## DIRECTIONS FOR THIS TASK
Would you reproduce each line below exactly, leaving every picture out?

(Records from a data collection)
=-=-=
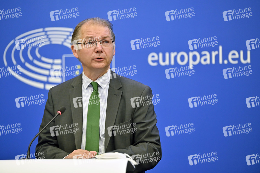 Pressekonferenz, PK, Pressestatement, Strasbourg, Europaparlament, EU-Parlament, EP, Parlament der Europäischen Union, Parlamentum Europaeum, Mitglied des Europäischen Parlaments, Politiker, Belgien, Ecolo, Co-Vorsitzender der Fraktion Die Grünen/EFA
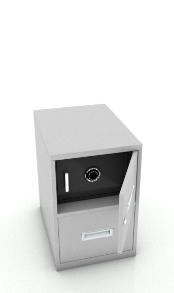 Archivero metálico vertical, 1 gaveta tamaño oficio y caja fuerte con marco inferior de tubular y resbalón metálico para soportar peso, corredera de extensión móvil, jaladera de aluminio y doble cerradura para puerta y cajones. Calibre 22.
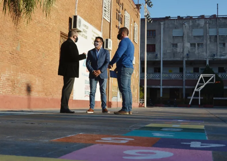 El Intendente recorrió el patio de la tradicional escuela cercana al Municipio y observó el uso recreativo que los alumnos le dieron a esas formas artísticas pintadas tanto sobre el suelo de la cancha de fútbol, como así también en paredes cercanas.
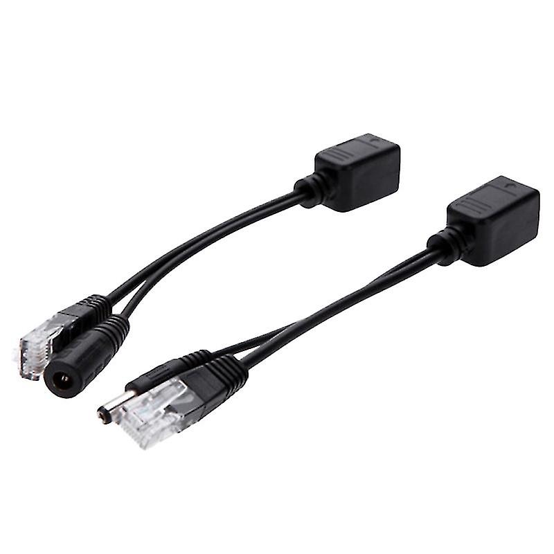 Passive PoE- means that input and output voltage are equal. Transforms Non PoE devices to PoE enabled. Supports 5V, 12V, 24V, 48V. Power supply required for power input - simply use the power supply (wall transformer) that is provided with the device you are trying to power. Feature - Color: Black. - Material: Copper. - Size: 17.5 x 1.9 x 1.8cm. - Injector: RJ45 Male + Power In to RJ45 Female. - Splitter: RJ45 Female to RJ45 Male + Power Out. - Supports: 5V, 12V, 24V, 48V. - Power plug / jack: 2.1 * 5.5mm / 0.9 * 2.2in. - Power Pins: 4,5 + and 7,8. - Length:18cm / 6.9in. - Transmission distance: 30-40 m / 100-130 ft. - Application: WLAN, routers, switches, internet telephony, security monitoring etc. - PoE injector and splitter kit with 5.5 * 2.1 mm DC jack / plug. - Use with IP security camera, wireless access point and other devices.
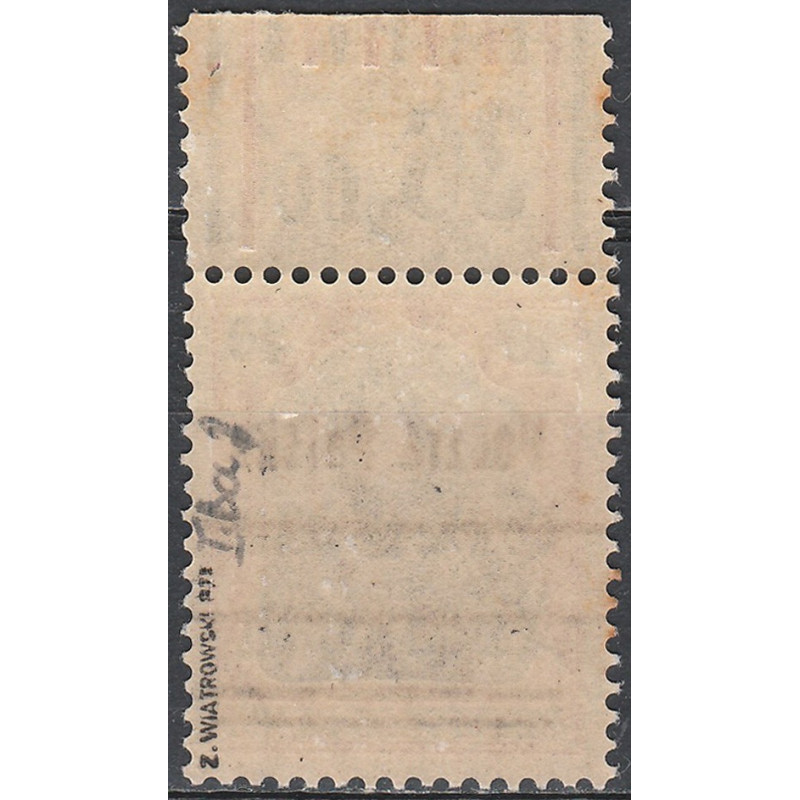 Wydanie przedrukowane na znaczkach General Gouvernement. Znaczek czysty bez śladu podlepki z liczba rozrachunkową na marginesie. Gwarancja Z. Wiatrowski.
=-=-=
## RESULT FOR THIS EXERCISE
 Pressekonferenz, PK, Pressestatement, Strasbourg, Europaparlament, EU-Parlament, EP, Parlament der Europäischen Union, Parlamentum Europaeum, Mitglied des Europäischen Parlaments, Politiker, Belgien, Ecolo, Co-Vorsitzender der Fraktion Die Grünen/EFA
 Archivero metálico vertical, 1 gaveta tamaño oficio y caja fuerte con marco inferior de tubular y resbalón metálico para soportar peso, corredera de extensión móvil, jaladera de aluminio y doble cerradura para puerta y cajones. Calibre 22.
 El Intendente recorrió el patio de la tradicional escuela cercana al Municipio y observó el uso recreativo que los alumnos le dieron a esas formas artísticas pintadas tanto sobre el suelo de la cancha de fútbol, como así también en paredes cercanas.
 Passive PoE- means that input and output voltage are equal. Transforms Non PoE devices to PoE enabled. Supports 5V, 12V, 24V, 48V. Power supply required for power input - simply use the power supply (wall transformer) that is provided with the device you are trying to power. Feature - Color: Black. - Material: Copper. - Size: 17.5 x 1.9 x 1.8cm. - Injector: RJ45 Male + Power In to RJ45 Female. - Splitter: RJ45 Female to RJ45 Male + Power Out. - Supports: 5V, 12V, 24V, 48V. - Power plug / jack: 2.1 * 5.5mm / 0.9 * 2.2in. - Power Pins: 4,5 + and 7,8. - Length:18cm / 6.9in. - Transmission distance: 30-40 m / 100-130 ft. - Application: WLAN, routers, switches, internet telephony, security monitoring etc. - PoE injector and splitter kit with 5.5 * 2.1 mm DC jack / plug. - Use with IP security camera, wireless access point and other devices.
 Wydanie przedrukowane na znaczkach General Gouvernement. Znaczek czysty bez śladu podlepki z liczba rozrachunkową na marginesie. Gwarancja Z. Wiatrowski.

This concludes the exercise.